たぬきのためふんば

ここにはめたたぬきが糞をしにきます。

『田舎教師』感想 これはあなたの墓標である

 田山花袋田舎教師を読みました。私は自分の墓標を見ていました。

 

 主人公の名は林清三。中学校(今で言う高校に近いものだと思います)を卒業したての彼が教師になるところから物語は始まります。

 清三の両親はろくな収入がなくて、3人家族にも関わらず、清三が働かないことには生活が成り立ちません。だから親友の親に教師の職を見つけてもらって、埼玉は行田から三田ヶ谷村の弥勒という場所に赴くこととなりました。位置関係はだいたいこんな感じ。

 中学の時の親友は高等師範学校を目指したりして、さらなる進学を志しています。最も仲の良かった加藤には想い人がいて、そのラヴがだんだんと進展していったりもします。

 清三は貧しい田舎暮らしをしながら、旧友たちの輝かしいライフを部外者として傍観します。

 清三は時に風俗嬢に入れあげて借金まみれになったりもしつつ、田舎暮らしに馴染んでいきます。馴染んだ頃には清三の体は病に冒されていました。日露戦争で日本軍が遼陽を占領したという報が国内を駆け巡ります。祭りの日、清三はひっそりと死にます。

 

 そんな感じの話です。

 まあ正直あんま面白い話ではありませんでした。

 ただ、私はこの本を読んで「こいつは俺だ。俺はこのとおりだったんだ」と思いました。

 私も田舎で働く身。満員電車や渋谷の人混みが大嫌いで、職があるなら田舎のほうがいいやという思いも多分にあるのですが、それでも惨めさを感じることがあります。

 なんでこんなしょうもない仕事をしているんだろう? もっと世の中の役に立つ仕事がしたい。もっと感動を与える仕事がしたい。もっと自由に働きたい。もっと楽しい仕事がしたい。同級生は有名企業の役員になっていたり、マスメディアに載っていたり、裁判官になっていたりするのに。それに周りの人はみな結婚して子供まで作ったりしているけれど、自分にはそんな兆しはまるでない。別に求めちゃいないけど、隣の芝生がやたら青く見えて仕方ない。

 そんな日もあります。

 というか私だけでなく、世の中にはそんな人が多いのではないでしょうか。時代が進むにつれ、ラジオが生まれ、テレビが生まれ、インターネットが生まれ、SNSが生まれる。世界がつながっていくにつれ、世の中に比較対象がどんどん増えていく。きっと当時より今のほうが、たくさんの林清三がいるに違いありません。

 今の時代なら清三は視聴数100もいかないyoutuberになったり、PV数10もいかないブロガーになっていたりするのでしょうね。

 この小説の悲しいところが、そんな清三の人生が見事に面白みに欠けることです。なんて起伏のない物語なのだろうか……。

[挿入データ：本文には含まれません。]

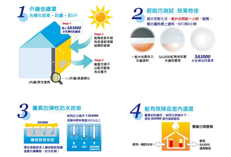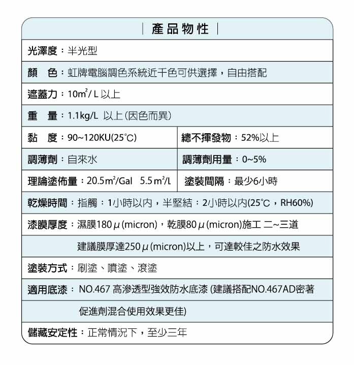 由耐水、耐鹼及耐候性非常優異之水性丙烯酸樹脂為主要成份,配合耐候顏料及添加劑精製而成之外牆專用高級水性彈性防塵塗料。建議塗布至少2道,1加侖可塗刷4坪(刷2道的面積)。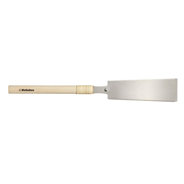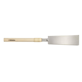 A traditional Ryoba saw with a wooden handle for the authentic feeling. The saw has a 0.5 mm thick blade made from SK5 steel manufactured in Japan. The thin blade provides high flexibility and precision for perfect cuts when making furniture's etc. The blade on a Ryoba has two different grindings in order to perform both when cutting along and across the fibers in the wood, Rip-cut & Cross-cut. The grinding for pulling the saw makes it possible to create precision cuts with a very thin blade together with a minimal force. The teeth is hardened for maximum life span and sharpness. The blade is antirust treated, do not forget to clean the blade and protect it with some oil to maintain the protection over time.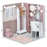 Francfrancとコラボした壁紙やラグ、カーテン、ドレッサーやチェア、ウォールフラワーや小物などでリアルなドレッサールームをコーディネートできます。床、壁シートは表裏でデザインが変わり、別売りのアイテムを組み合わせるとさらにインテリアコーディネートが広がります。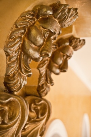 Innen betrachtet man an den Wänden zwölf Malereien von Meeres- und Küstenlandschaften mit romantischer Atmosphäre, an der Decke gibt es ein Himmelsgemälde.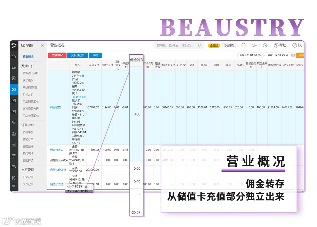 10、营业概况,兼容合伙人佣金转存到赠送余额的数据(佣金转存从储值卡充值部分独立出来,独立一项为【佣金转存】 ,不计入销售额,也不计入营业实收。)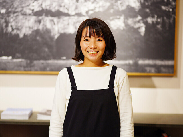 写真は、THE NORTH FACE 事業一部 キッズグループMD 矢野真知子氏/自身の妊娠・出産経験を活かして2019年秋冬シーズンにマタニティラインを立ち上げる。現在はマタニティやキッズのアイテム企画に日々奔走中。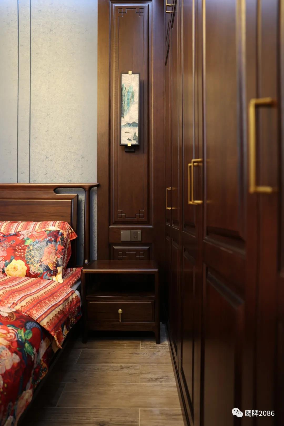 刺绣锦鲤、原木边几、迎客松盆景、简约中式家具......软装家具处处展现东方元素,传达业主对中国美的热爱。
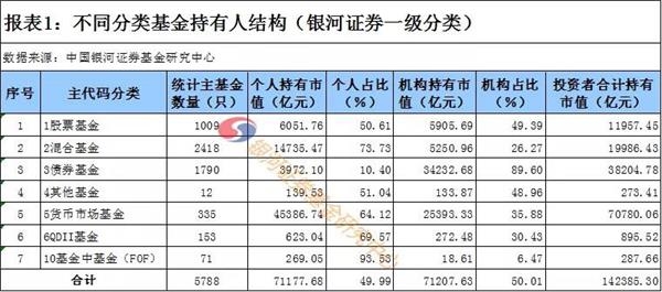 根据中国银河证券基金研究中心数据显示,机构连续三年成为基金的主力投资者,2017年-2019年,基金的机构投资者占比均显著超过个人投资者占比。截至2019年12月31日,剔除货币市场基金口径看,个人持有25790.94亿元,个人占比36.02%;机构持有45814.30亿元,机构占比63.98%,机构持有接近三分之二的份额。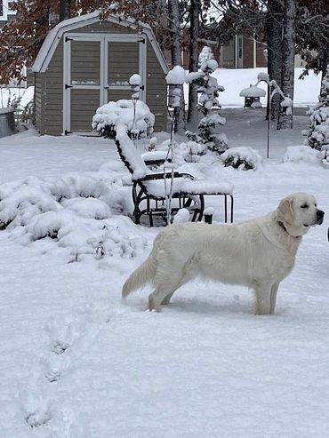 At Lakeside Pines, we prioritize the health and happiness of our English Cream Golden Retrievers. Our breeding program focuses on producing well-tempered and healthy puppies that meet the highest standards. AKC registered, vet checked, vaccines, de-wormed. BOTH PARENTS have been DNA tested for genetic diseases and are CLEAR. OFA results: good. At 3 weeks we introduce the pups to crate training and begin potty training at this time as well. Temperament testing at 7 1/2 weeks allows us to best place the right pup with the right family. All pups are born and raised indoors with mom and are well socialized by our family. We have an open-door policy with our clients and believe in transparency. We will always do our best by you and your new family member!
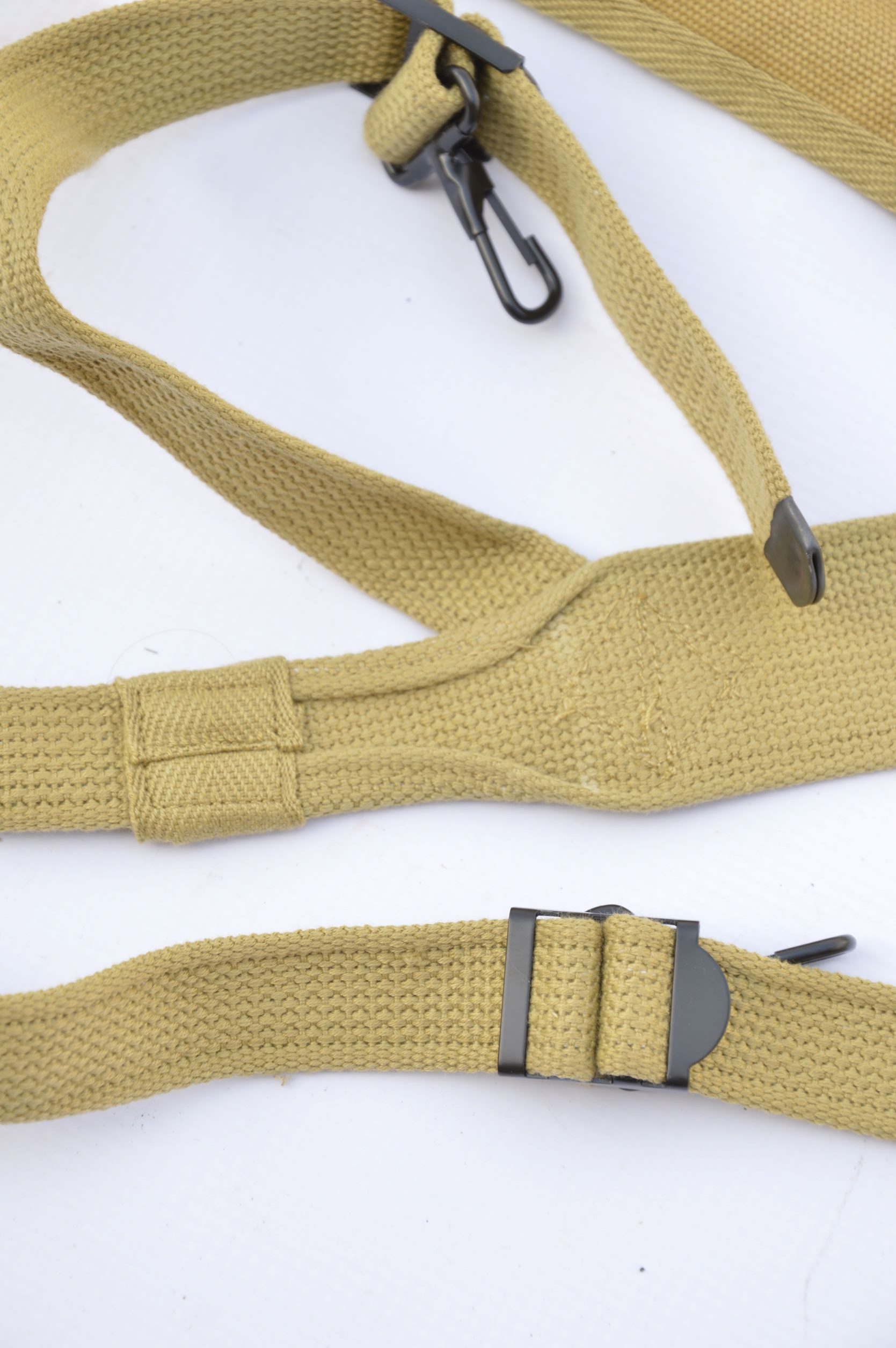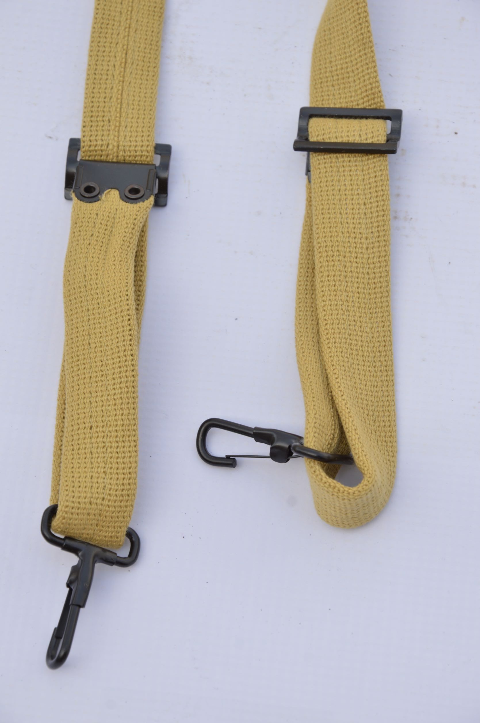 These combat suspenders were designed for use with the M1936 Musette Bag and have the same functionality as the suspenders incorporated into the M1928 Haversack. The supporting straps are adjustable for the soldier’s height and have clips on the ends for attaching them to the web belt and the bottom D rings of the haversack.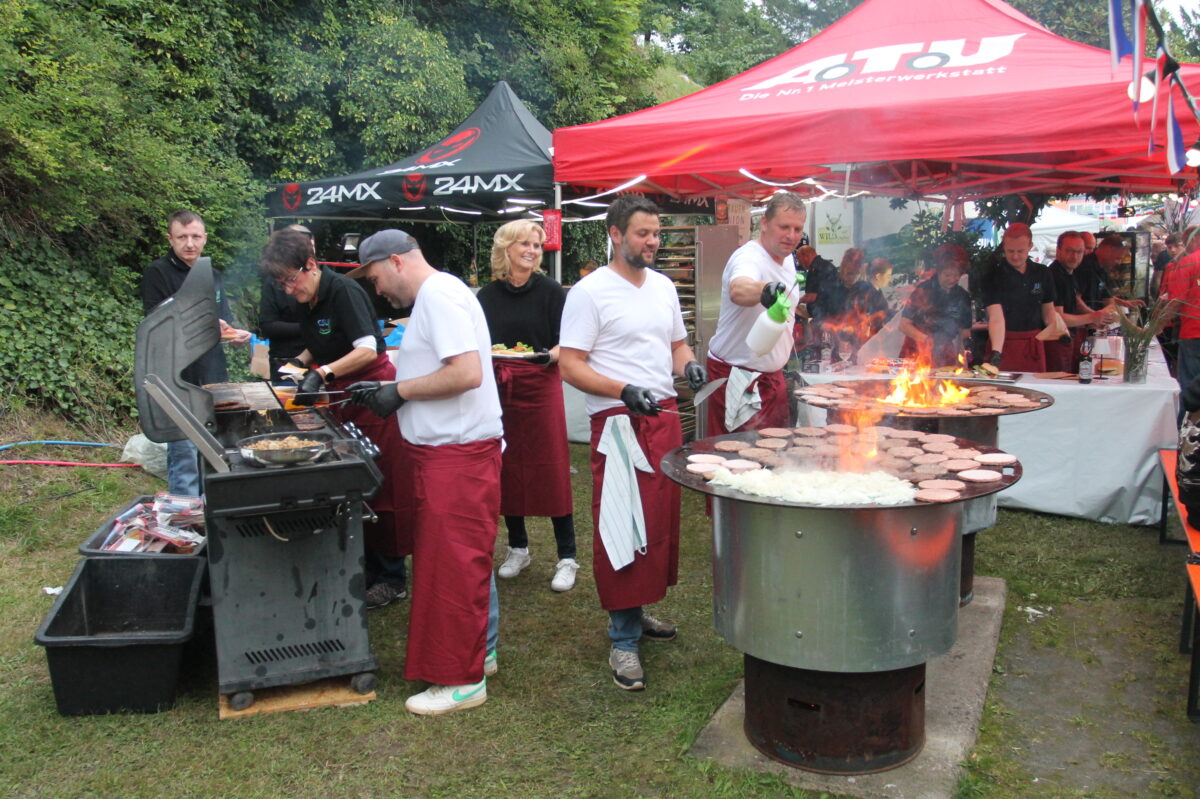 So war es kein Wunder, dass sich sowohl am Marktplatz als auch am Gelände rund um den Stadtweiher die Leute förmlich drängten. “Schlange stehen” war dabei an den Imbiss-Ständen angesagt. Ob etwa Strauben aus Südtirol, Gyros aus Griechenland, Wildspezialitäten, Chicken-Nuggets, Burger, leckere Crêpes oder internationale Desserts: Die Besucher hatten förmlich die Qual der Wahl. Wer gegen 21 Uhr bei der Feuerwehr nach einer “Z‘rissenen Sau” Ausschau hielt, hatte Pech. “Ausverkauft” hieß es nämlich bei den “Floriansjüngern”. Also war Weiterziehen angesagt.

 いや、真の意味で起伏がないわけではありません。季節も巡ります。しかし、十分ではありません。大きな夢を夢見ている林清三はこの小説を楽しめないに違いないのです。この小説を楽しめる人は、荻生くん(清三の同級生。田舎暮らしを楽しんでいる)のようなあるがままを純粋に楽しめる人なのでしょう。

 

 この記事を書くにあたって、下の本を発見したので読んでみました。

 『田舎教師』をどのような経緯、どのような思いで書いたかを作者自身が述べている本。10頁くらいなのですぐに読めます。青空文庫なので無料です。

 『田舎教師』は実在した小林秀三という青年をモデルにして描かれた話です。これを書くにあたって小林秀三が生きた地を取材したこと、観察をせずに書いた部分が現実とずれていて後悔したといったようなことが書かれています。

 これを読んで、私は「ああそうか」と思いました。

 小林秀三の人生は、本当なら日露戦争の栄光の陰で誰からも忘れられるはずのものだった。それを田山花袋が秀三の日記をもとに『田舎教師』として残した。脚色はほどほどに、実地に赴いてなるべくあるがままに書き残した。だから、ありふれた退屈な青年の悲しい人生が100年後の私の手元に生き続けている。この小説を通して、私は私の墓標を見ていたのだ。

 日記や小説を書くことの意義や自然主義文学の価値がここにある気がします。